Work request → Exactly the lines below from the one with "Finalize os pratos" up to and including the one with "- 우편 접수: 서울시" make up the answer, with nothing else added.

Input data →
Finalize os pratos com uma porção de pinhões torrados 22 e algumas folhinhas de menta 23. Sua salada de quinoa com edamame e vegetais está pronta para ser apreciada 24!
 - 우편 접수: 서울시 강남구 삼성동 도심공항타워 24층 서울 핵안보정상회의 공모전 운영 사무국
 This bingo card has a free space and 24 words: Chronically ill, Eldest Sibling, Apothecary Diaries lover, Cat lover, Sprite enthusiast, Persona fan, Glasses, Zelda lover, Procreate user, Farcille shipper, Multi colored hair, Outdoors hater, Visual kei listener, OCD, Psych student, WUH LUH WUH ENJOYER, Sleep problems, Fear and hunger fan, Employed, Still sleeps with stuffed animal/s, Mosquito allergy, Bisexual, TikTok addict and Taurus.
==
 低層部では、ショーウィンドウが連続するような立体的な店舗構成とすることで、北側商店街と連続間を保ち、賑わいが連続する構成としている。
* * *
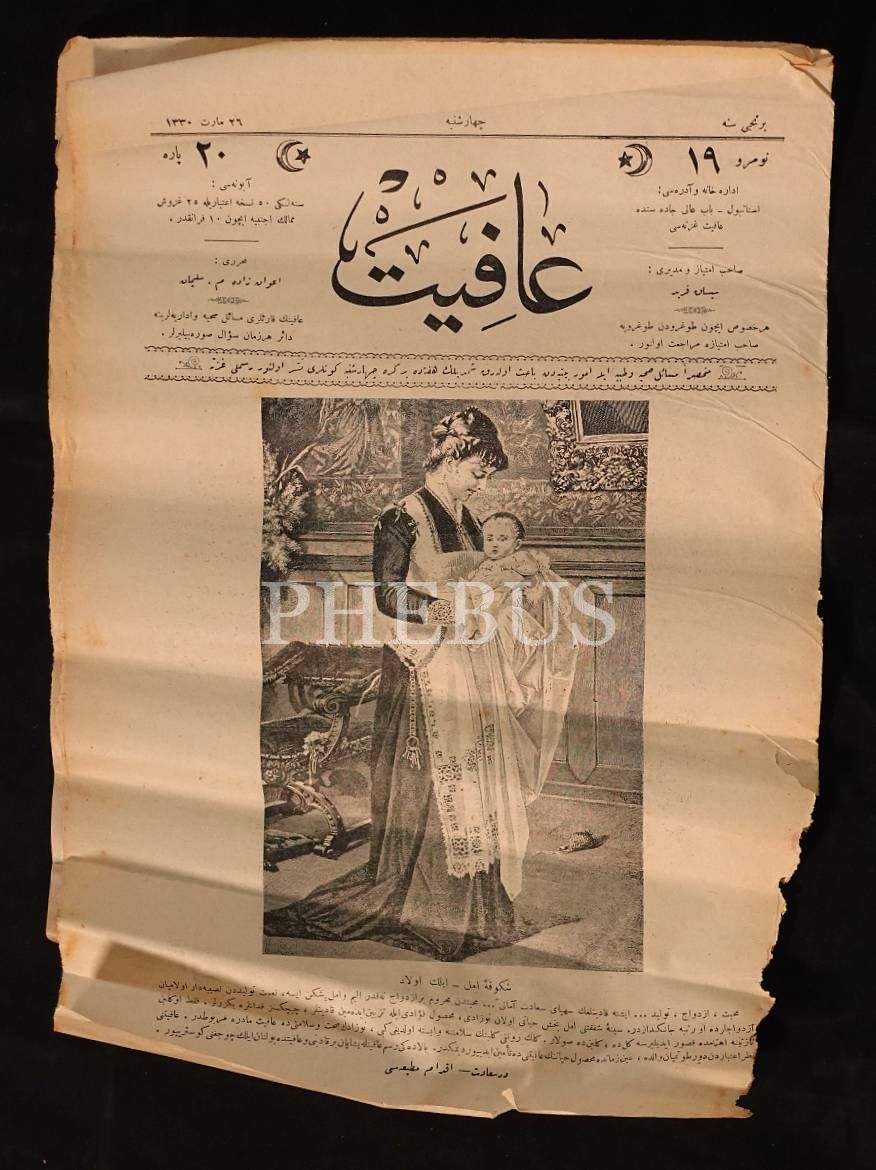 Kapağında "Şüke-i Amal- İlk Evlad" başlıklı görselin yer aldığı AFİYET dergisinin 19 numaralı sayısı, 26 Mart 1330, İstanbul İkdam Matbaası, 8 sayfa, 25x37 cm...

Output of the task →
Finalize os pratos com uma porção de pinhões torrados 22 e algumas folhinhas de menta 23. Sua salada de quinoa com edamame e vegetais está pronta para ser apreciada 24!
 - 우편 접수: 서울시 강남구 삼성동 도심공항타워 24층 서울 핵안보정상회의 공모전 운영 사무국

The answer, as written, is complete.